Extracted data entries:
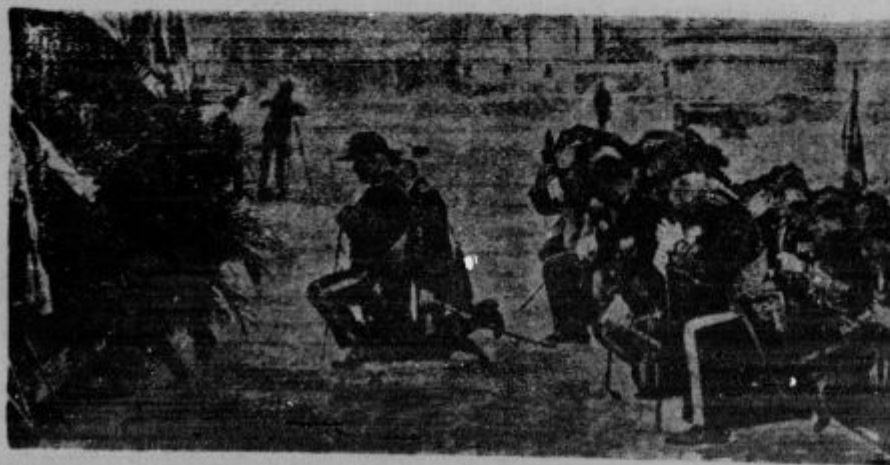
Mussolini pred Neznanim vojakom v Rimu

Kakor v vseh državah imajo tudi v Rimu grob neznanega vojaka, ki se nahaja ob vmožju ogrmejnega spomenika Viktorja Emanuela I. Vse važnejše parade se vrše na tem prostoru. Tudi Mussolinijevo stanovanje je v bližini (v palači bivšega avstrijskega poslanika).
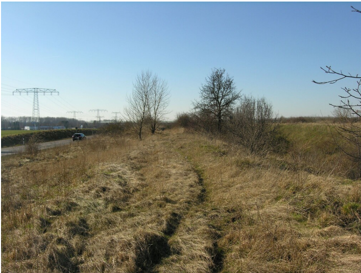
Feldbahn der Ziegelei Döllnitz (nach 1872-nach 1940) - Relikte des Bahndammes; Blick W
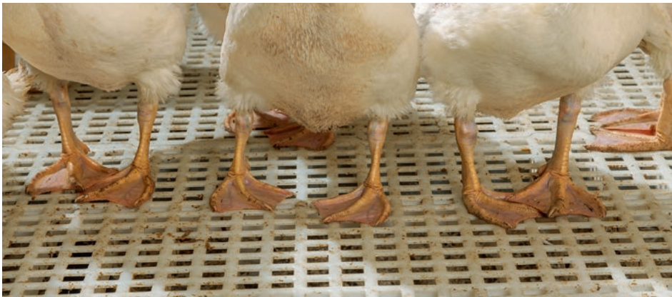
Le caillebotis ne présente ni coins ni arêtes vives. Les traverses larges et la surface antidérapante assurent une stabilité optimale aux canards.

Le nouveau caillebotis plastique BD est disponible en 1200 x 600 mm. Il s'utilise idéalement dans l'élevage et l'engraissement de canards de Barbarie, mulards et Pékin.
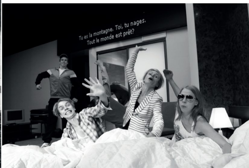
2: N051 Mu Naine vi hastas...
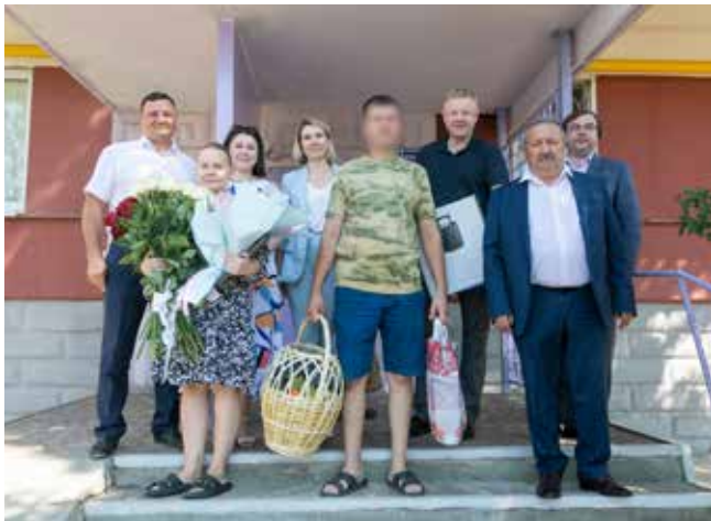
Поздравить Медного с рождением второго сына приехали руководители высокого ранга

Безусловно, эта встреча не единственная и не последняя. Предприятие с момента мобилизации главы семейства поддерживает контакт с его близкими и готово прийти на помощь по любому вопросу.
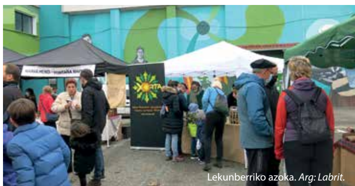
Lekunberriko azoka.
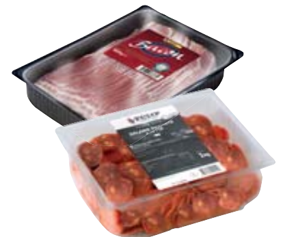
BACON/ SALAME PICCANTE A FETTE TULIP 1KG
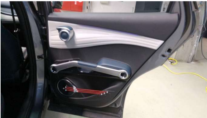
7. Türverkleidung Hinten - Rechts Gebrauchsspuren - Ohne Reparatur 0,00 € / 0,00 €
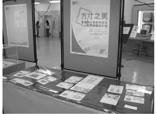
方寸之美——台灣師大美術系校友郵票繪圖設計展
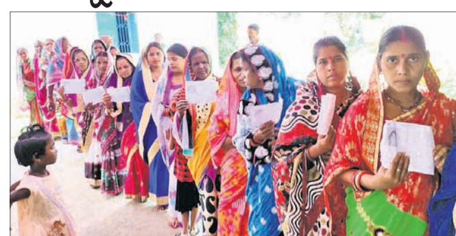
ପାଟକୁରାସ୍ଥିତ ଏକ ମତଦାନ କେନ୍ଦ୍ରରେ ମହିଳାମାନେ ଭୋଟଦେବା ପାଇଁ ଠିଆ ହୋଇଛନ୍ତି।

ଭୁବନେଶ୍ୱର/କେନ୍ଦ୍ରାପଡ଼ା ଅଫିସ୍, ୨୦୭(ବୁଧବେ)
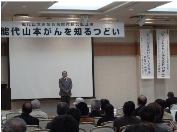
山須田医師会長の挨拶で開会。
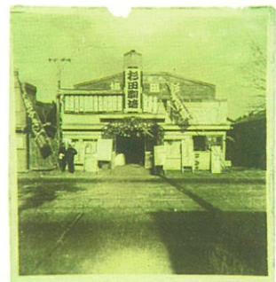
旧杉田劇場ポスター(左・中)旧杉田劇場正面写真(右)
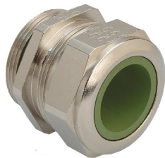
M-WADI-HT / M-WADIZ-HT
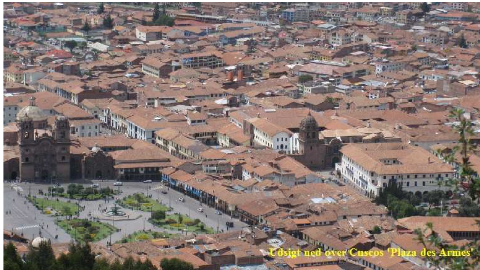
Udsigt ned over Cuscos 'Plaza des Armes'

Denne side er en del af vores store Sydamerikarejse .
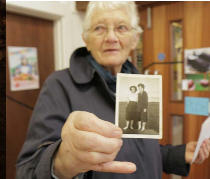
Enid ac Irene, Straeon Ysgol Bodlondeb

Mae gan Gonwy gymuned eang o bobl sy'n angerddol am ddiwylliant y sir. Mae pobl a sefydliadau ar draws y rhanbarth wedi dweud wrthym y bydd sector diwylliannol mwy cysylltiedig yn cael mwy o effaith. Drwy gefnogi partneriaethau diwylliannol a chynllunio mwy cydlynol gallwn gryfhau cynnig diwylliannol y sir yn aruthrol.
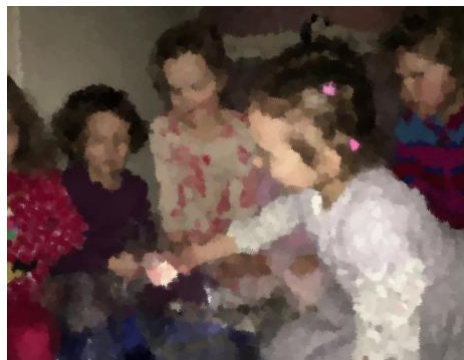
Kuva 8. Veden ääneen tutustumista (3.2019, J. Haapalainen)

Lampea kuvastin pöydällä, jonka päällä oli sininen kangas. Pöydän päällä oli myös kaksi astiaa, joissa oli vettä sekä muki. Tässä kohtaa käytin lapsille uutta laulua, Puro puhelee, säv. S. Perkiö ja san. H. Huovi. Samalla kun opettelimme ja lauloimme laulua, kuuntelimme välillä, kuinka vesi lirisee ja lorisee kaatamalla vettä astiasta toiseen mukiin avulla (kuva 8).
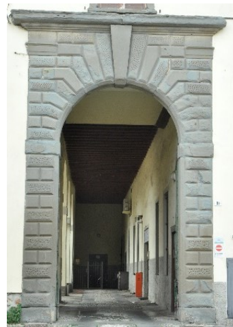
Portale di Palazzo Camera

Ci si sposta nel centro abitato con il Palazzo Camera (ex Albani) e la Villa Benaglia (poi Giambarini). Sono riconoscibili frammenti di architetture: le antiche Mura con la Porta Giambarini, la Torre Colombera e notevoli tracce nella torre medioevale trasformata in Campanile. Numerosi gli emblemi araldici di Casa Benaglia mentre altre strutture erano legate all'antico opificio. Nella parrocchiale dedicata al Santissimo Salvatore è presente, tra le varie opere, una Pala del Moroni. Accanto troviamo la Chiesina dell'Addolorata.
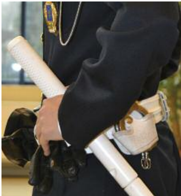
Il bastone estensibile nella nuova dotazione
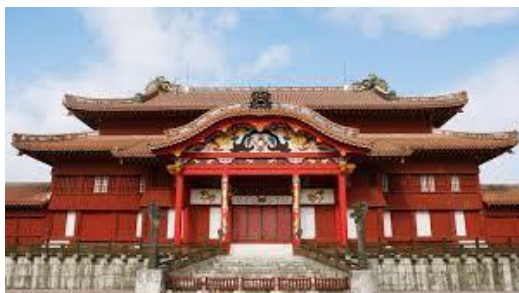
在りし日の首里城正殿
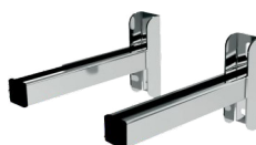
Nosná konzole 475 mm Odstup komínu až 240 mm
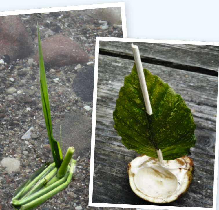
Sjov med små både

Uanset om det er en stillestående sø, bølgende havvand eller en strømmende å, så er det sjovt at bygge små både, der kan flyde på vandet. Tag lidt materialer med hjemmefra, eller brug hvad I kan finde på stedet. Undersøg forskellige materialer: Kan de flyde, kan de bære gods, og kan de holde til længere ture over vandet? For de mindste er det særligt sjovt at løbe frem og tilbage på en bro og se skibende komme sejlene ud under broen.
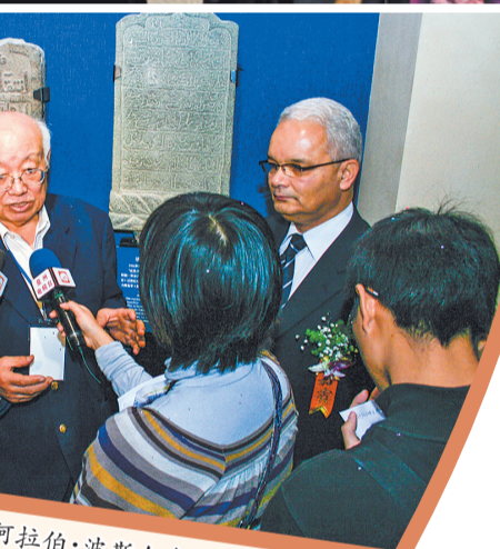
2008年11月,泉州海交馆“阿拉伯·波斯人在泉州”专题陈列对外开放。参观陈列馆过程中,埃及驻华大使马哈茂德发现了他们哈通家族的先人墓碑石刻。
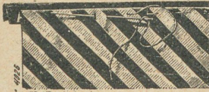
53. Modo de hilvanar un vivo
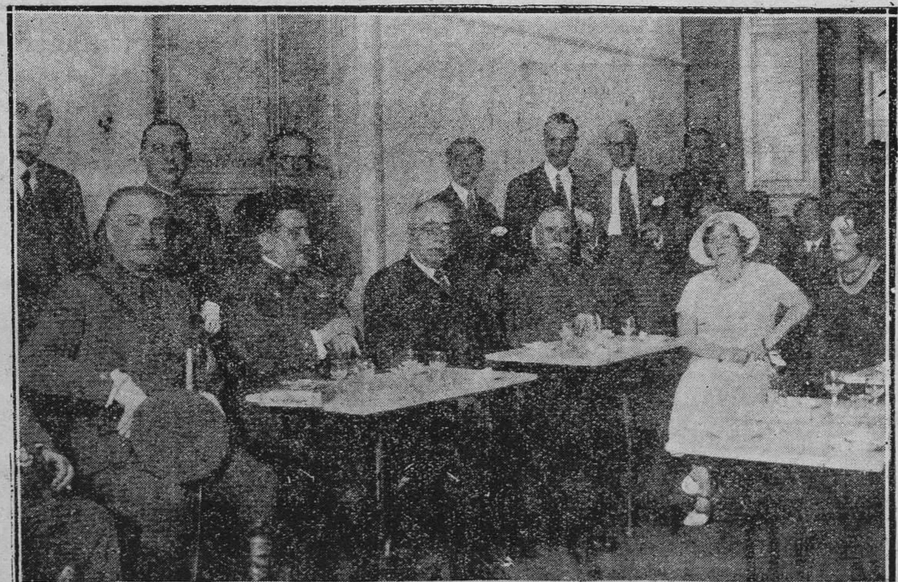
MADRID.—El jefe del Gobierno y ministro de la Guerra, Sr. Azaña, en la inauguración del "Hogar del Soldado".

Para matricularse es indispensable la presentación de la papeleta de examen de la ma asignatura aprobada.
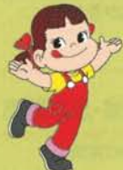
ベコちゃん

## TASK TO COMPLETE
When you reach the line that has "ପାଟକୁରାସ୍ଥିତ ଏକ ମତଦାନ" in the data above, start repeating lines exactly, and stop after the line that has "Enid ac Irene, Straeon Ysgol Bodlondeb"; pictures stay out.

## FINAL ANSWER
ପାଟକୁରାସ୍ଥିତ ଏକ ମତଦାନ କେନ୍ଦ୍ରରେ ମହିଳାମାନେ ଭୋଟଦେବା ପାଇଁ ଠିଆ ହୋଇଛନ୍ତି।

ଭୁବନେଶ୍ୱର/କେନ୍ଦ୍ରାପଡ଼ା ଅଫିସ୍, ୨୦୭(ବୁଧବେ)
山須田医師会長の挨拶で開会。
旧杉田劇場ポスター(左・中)旧杉田劇場正面写真(右)
M-WADI-HT / M-WADIZ-HT
Udsigt ned over Cuscos 'Plaza des Armes'

Denne side er en del af vores store Sydamerikarejse .
Enid ac Irene, Straeon Ysgol Bodlondeb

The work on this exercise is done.